Most flowers, including the snapdragon flower, owe their reproductive success to their emitted floral scent, capable of attracting specific pollinators [11], [13], [14], [15]. The VOCs that constitute the flower's fragrance vary from species to species with respect to the number, type, and relative abundances of compounds. The composition of the flowers’ odor profile and total odor production changes throughout the plants’ life cycle and emit their maximum levels when the flower is ready for pollination. Newly opened flowers have under developed anthers (pollen producing structures) and therefore produce less odor/scent, as they are not ready for pollination. After pollination, the amount of scent released by the plant decreases, and continues to decrease until the end of the flower's life cycle [11], [14], [16]. Dudareva et al. and Negre et al. conducted research monitoring the production of methyl benzoate, specifically, from snapdragon flowers. Studies showed that the Maryland True Pink cultivar emitted the most methyl benzoate, making up 60% of the total volatiles. It was also found that unopened buds released no methyl benzoate, but began to emit, upon opening, at very low levels. The production of methyl benzoate reached its peak 5–7 days after anthesis, or after the flower had opened, and then declined thereafter [11], [14]. Additionally, methyl benzoate production was found to be highest during the daylight hours of 9 am and 4 pm, due to the high activity of pollinators during those hours [11], [14].
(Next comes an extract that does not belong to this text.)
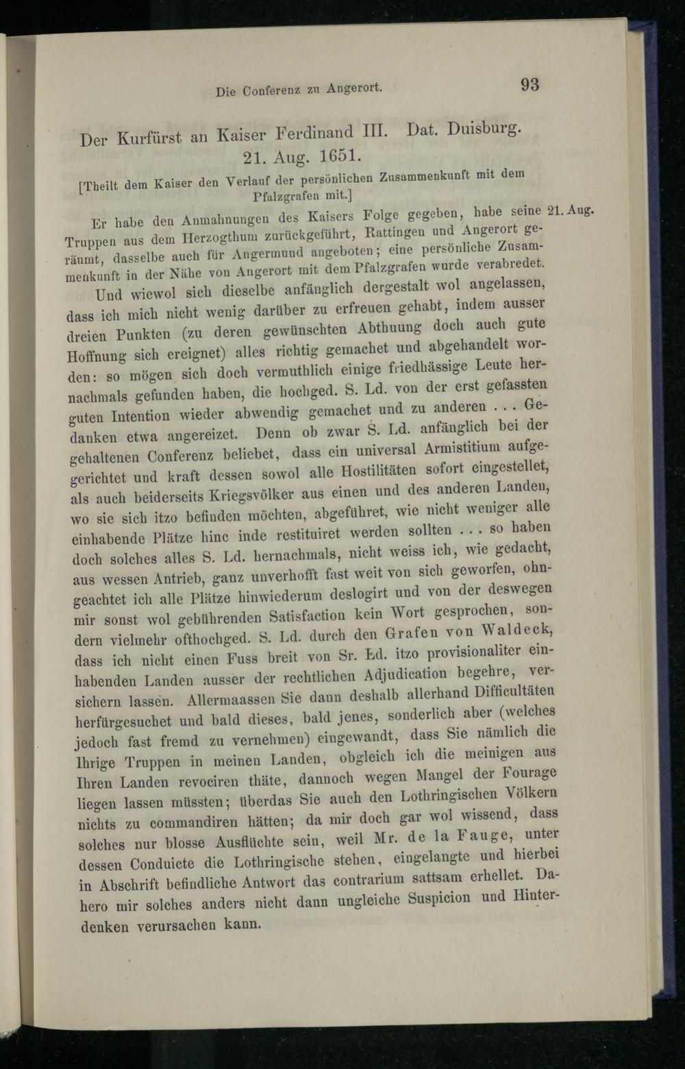 I. Der Krieg mit Pfalz-Neuburg 1651.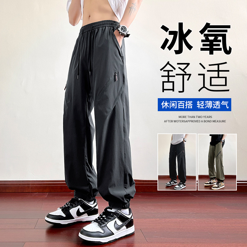 아이스 실크 바지 남성 여름 방수 트렌디 브랜드 남성 얇은 다용도 반팔 티셔츠 캐주얼 바지 남성 충전 바지 트렌디스토어 가기

While the odors emitted by snapdragon flowers, particularly, the release of methyl benzoate, have been extensively studied, little is known about whether the flower's fragrance will elicit a false alert from specially trained narcotics detection canines, as surmised during the Supreme Court case, State of Florida v. Joelis Jardines (2013). Therefore, the purpose of this study is to evaluate the odor profiles of various species of snapdragon flowers to assess the significance of methyl benzoate to the overall fragrance produced. In addition, specially trained narcotics detection canines were used to determine if the flower's fragrance would result in a false alert. The ability of canines to differentiate between cocaine and snapdragon flowers, that have similar odor pools, was determined in order to validate the field accuracy and discrimination power of detector canines.